The central negotiation issue was UN Security Council Resolution 435, concerning South Africa’s withdrawal from Namibia, and the departure of Cuban troops from Angola. It is history that the last SADF soldier left Angola at the end of August 1988, and that Namibia became independent in March 1990, even before the Cuban troop exodus from Angola. What materialized at Cuito Cuanavale set in chain a process that finally broke the ascendancy of the military hawks in Pretoria. Together with the popular mass struggle within South Africa and apartheid’s international isolation, the country’s freedom was soon achieved. It is fitting that at Freedom Park outside Pretoria, the names of the 2,070 Cuban soldiers who fell in Angola between 1975 and 1988 are inscribed alongside those of the South African revolutionaries who died during the decades-long liberation struggle. Those patriots and internationalists were motivated by a single goal—the end of racial rule and genuine African independence. After thirteen years defending Angolan sovereignty, the Cubans took nothing home except the bones of their fallen and Africa’s gratitude.

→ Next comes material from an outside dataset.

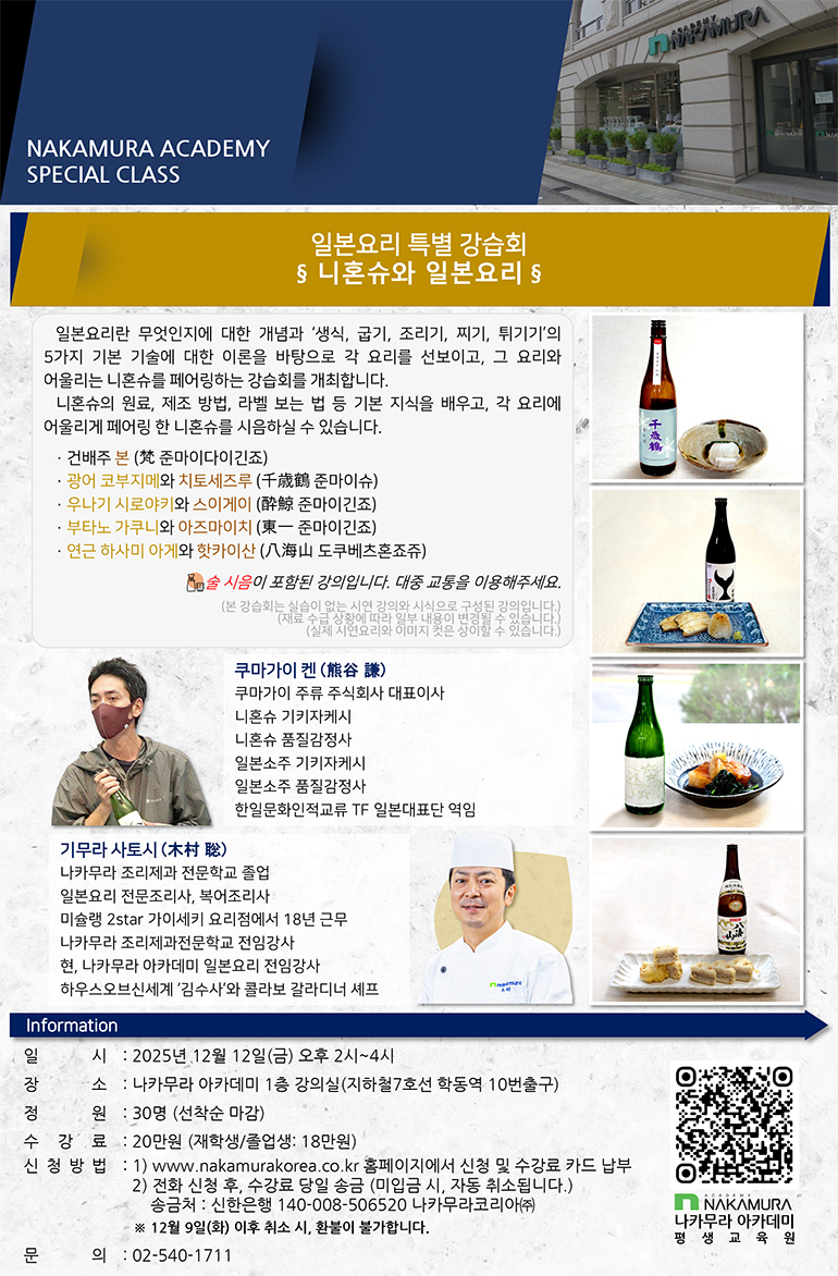 “니혼슈와 일본요리” 특별 강습회를 개최합니다.

It is also noteworthy that for most of those years Umkhonto we Sizwe combatants engaged the adversary in many parts of Angola, cooperated with FAPLA and SWAPO units (as well as with Cuban and Soviet advisers), aided in the interception and translation of Afrikaans radio traffic, and provided invaluable intelligence on the SADF following an historic agreement signed between Angolan President Eduardo dos Santos and the ANC’s Oliver Tambo and their respective military intelligence chiefs (which this author was party to). One hundred thirty Umkhonto we Sizwe combatants lost their lives in action during that time, as did possibly as many white SADF troops, as well as several thousand UNITA and other surrogates under SADF command.

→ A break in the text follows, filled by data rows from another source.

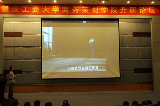 第二个给大家分享考研经验的是13级国际商务一班的高翔同学(以403分的成绩考入重庆大学的应用经济学专业)。他讲到,他能成功并不是他的智商比别人高,他只是做到了坚持两个字。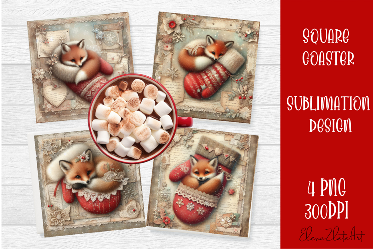 Vintage Christmas Scrapbooking square Coaster Design example image 1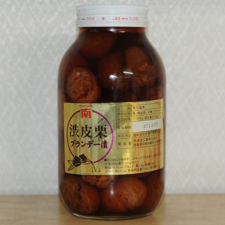 渋皮栗ブランデー漬 900g(46-40個)x1瓶 子供もOK おせち 前菜八寸 あしらい 栗甘露煮 マロンシロップ漬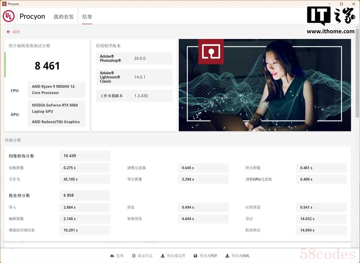 生产力表现上,IT之家使用 UL Procyon 分别测试了图像编辑与视频编辑。在照片编辑基准测试中,其获得了 8461 分,表现较为出色。

It was at the cost of tens of thousands of lives that Angola, Namibia, South Africa, Zimbabwe, and Mozambique gained political independence from colonial and racist rule during the decades between 1974 and 1994. The whole region, together with former underdeveloped countries in Latin America, Africa, and Asia, are today in varying degrees striving for economic independence in a difficult and highly complex new world order. The outcome of this is closely connected to the situation and struggles in North America and Europe and bloody contestation in the Arab world. Whatever stage has been reached—and there certainly have been gains and setbacks—one cannot belittle the enormous sacrifices of the struggle for national liberation and independence from colonial and racist rule of a bygone age. Those sacrifices were not in vain.

Notes

1. Vladimir Shubin, The Hot Cold War: The USSR in Southern Africa (London: Pluto Press, 2008), 105.

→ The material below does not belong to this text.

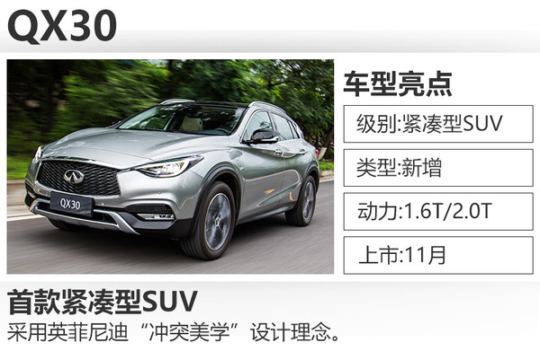 英菲尼迪QX30采用英菲尼迪“冲突美学”设计理念,造型时尚、前卫。QX30在动力方面搭载的是与Q50相同的2.0T涡轮增压发动机,满足一款紧凑型SUV对于动力输出的需求。英菲尼迪QX30将凭借运动外观以及强劲的动力输出,有望在豪华品牌紧凑型SUV细分市场中获得理想的市场表现。

2. Magnus Malan, My Life with the SA Defence Force (Pretoria: Protea Book House, 2006); Helmoed-Romer Heitman, War in Angola: The Final South African Phase (Gibraltar: Ashanti, 1990); Willem Steenkamp, South Africa’s Border War 1966-1989 (Rivonia: Ashanti, 1990); Peter Stiff, The Silent War: South African Recce Operations 1969-1994 (Alberton: Galago, 1999); Fred Bridgland, The War for Africa (Gibraltar: Ashanti, 1990); Jan Breytenbach, They Live by the Sword: 32 ‘Buffalo’ Battalion (Alberton: Lemur Books, 1990).
3. Piero Gleijesis, “Cuito Cuanavale Revisited,” Mail & Guardian, July 11, 2007, http://mg.co.za; Ronnie Kasrils, Armed and Dangerous: From Undercover Struggle to Freedom (Johannesburg: Jonathan Ball, 2004), 220-22.
4. Ronnie Kasrils, “The Battle for Africa,” Sunday Times (Johannesburg), September 30, 2012.
5. Interview with General Jan Geldenhuys, Le Figaro (Paris), April 1, 1988.
6. Greg Mills, “The Legend of Castro, Cuba and Cuito Cuanavale,” The Sunday Independent (Johannesburg), February 24, 2008.
7. Piero Gleijeses, “Moscow’s Proxy? Cuba and Africa 1975—1988,” Journal of Cold War Studies 8, no. 4 (Fall 2006): 98–146.
8. Malan, My Life with the SA Defence Force.
9 Chester A. Crocker, High Noon in Southern Africa: Making Peace in a Rough Neighbourhood (Johannesburg: Jonathan Ball, 1994).